The “CARE Act,” a bill addressing the opioid crisis, is moving its way through the Massachusetts legislature’s Joint Committee on Mental Health, Substance Use and Recovery. Proposed by Republican Governor Charlie Baker, “An Act Relative to Combating Addiction, Accessing Treatment, Reducing Prescriptions, and Enhancing Prevention” is offered as a “comprehensive approach to addressing the problem of opioid addiction.”

The CARE Act includes some excellent provisions (a call for evidence-based treatment), a few provisions that should be fleshed out (harm reduction), and one glaringly bad provision (expansion of involuntary civil commitment). It also fails to include a prevention plan that researches and addresses the root causes of the opioid crisis.

My comments on the CARE Act are based upon my research as a medical sociologist as well as my understanding of the research literature in fields relevant to the Act. For the past decade I have followed and documented the experiences of a cohort of women released from MCI-Framingham. All of these women have substance abuse challenges and the majority have cycled through a variety of in-patient and out-patient treatment programs within prison, public health services, and privately run facilities.

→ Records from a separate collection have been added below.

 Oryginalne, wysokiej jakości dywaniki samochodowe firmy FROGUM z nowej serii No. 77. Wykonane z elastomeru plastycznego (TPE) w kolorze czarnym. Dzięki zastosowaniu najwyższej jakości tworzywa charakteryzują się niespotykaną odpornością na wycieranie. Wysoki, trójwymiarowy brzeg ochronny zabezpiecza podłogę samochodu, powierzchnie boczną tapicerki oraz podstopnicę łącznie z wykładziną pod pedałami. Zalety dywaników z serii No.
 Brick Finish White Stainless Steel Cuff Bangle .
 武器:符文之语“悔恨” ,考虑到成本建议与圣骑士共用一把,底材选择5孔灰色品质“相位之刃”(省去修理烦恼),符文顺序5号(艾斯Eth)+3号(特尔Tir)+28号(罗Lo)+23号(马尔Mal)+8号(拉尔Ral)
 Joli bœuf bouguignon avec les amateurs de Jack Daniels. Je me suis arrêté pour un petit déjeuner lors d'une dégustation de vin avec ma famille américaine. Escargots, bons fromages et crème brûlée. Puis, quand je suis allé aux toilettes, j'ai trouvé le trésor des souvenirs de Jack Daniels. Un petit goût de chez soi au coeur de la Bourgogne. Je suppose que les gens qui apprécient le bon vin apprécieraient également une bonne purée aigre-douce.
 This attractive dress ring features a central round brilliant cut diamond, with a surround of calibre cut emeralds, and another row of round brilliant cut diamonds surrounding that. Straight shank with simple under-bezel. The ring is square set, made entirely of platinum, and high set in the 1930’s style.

The Good: Calling for Evidence-based Treatment

The bill draws attention to knowledge gaps regarding drug treatment. At the current time treatment programs are not required to use evidence-based methods, clearly state what constitutes effective treatment, or prove that treatment is effective.

The Act calls for the establishment of a commission comprising representatives from the Department of Health and Human Services, the insurance industry, clinicians, and family members of individuals with substance abuse disorder or mental illness to review evidence-based treatment approaches to substance use disorders and mental health conditions. While the bill does not limit the commission to these individuals, the inclusion of researchers and scholars with up-to-date expertise regarding treatment effectiveness should be made explicit in the bill.

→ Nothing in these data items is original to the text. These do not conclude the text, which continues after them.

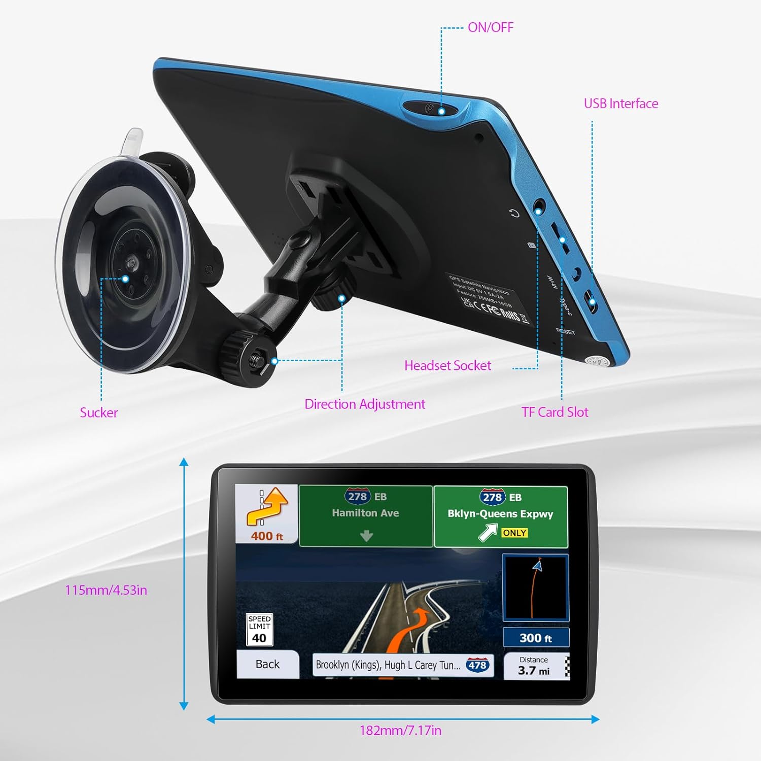 7” GPS Navigator for Car Truck RV – 2026 North America Maps Free Lifetime Updates, Touchscreen Navigation System, Speed & Red Light Warning, Turn-by-Turn Voice Guidance, for All Cars (Blue)
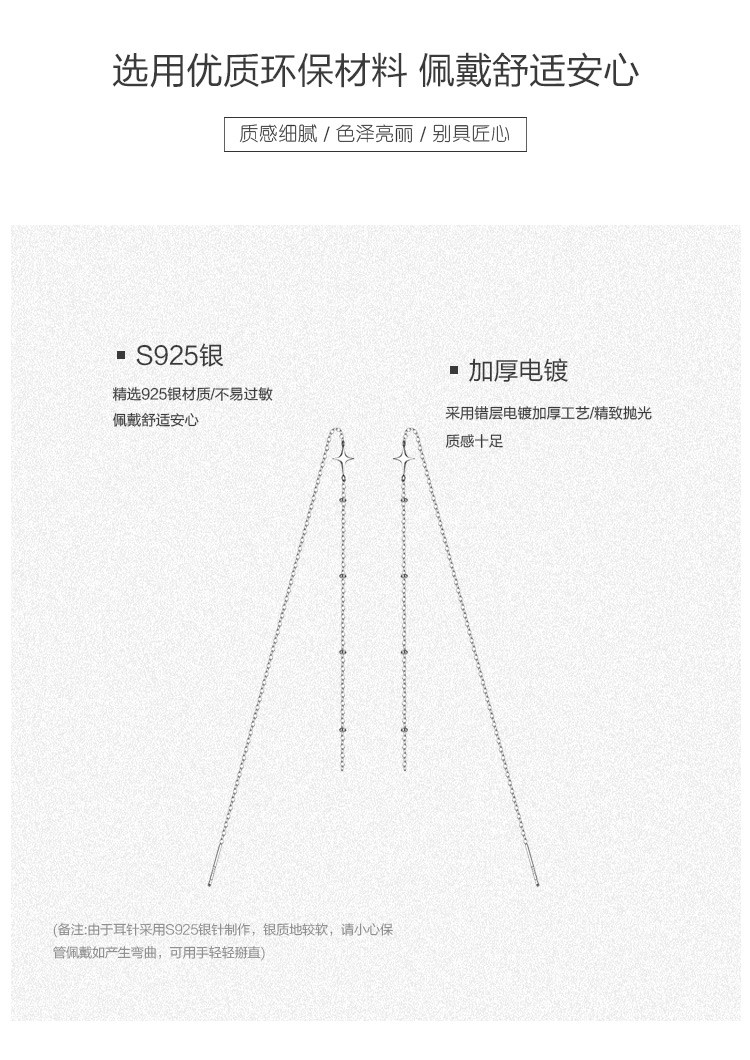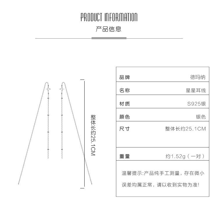 商品名称:【简约而不简单】星星耳线S925纯银简约精致耳链长款流苏耳线 615169
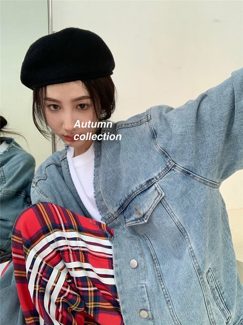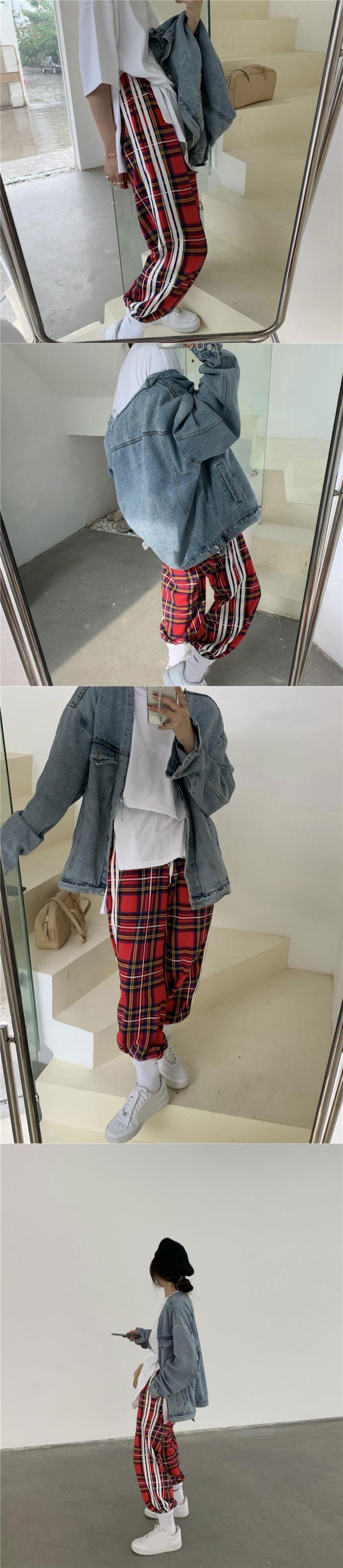 色:赤いチェック柄パンツ,ライトブルーデニムジャケット
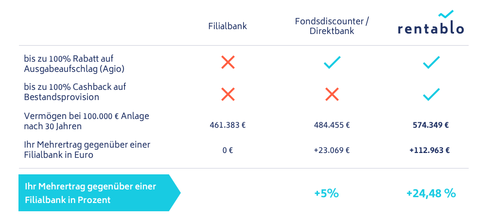 vielen Dank für Ihr Interesse am Rentablo Cashback. Sie können auf unserer Homepage http://www.rentablo.de in unserem Fonds-Provisionsrechner einsehen, wie viel Bestandsprovision bei dem Wertpapier ausgeschüttet werden. Die Ausschüttung variieren je nach Partnerbank. Zudem sehen Sie, wie viel Rabatt beim Ausgabeaufschlag gegeben werden kann.

Assessment of Treatment Effectiveness: Throughout much of the drug treatment industry, outcomes are measured in terms of the percent of patients who complete the treatment program. Because treatment programs do not definitively cure substance abuse, and many of the same people cycle through multiple programs, the bill should specify a requirement of long-term outcome tracking consistent with evidence-based research standards.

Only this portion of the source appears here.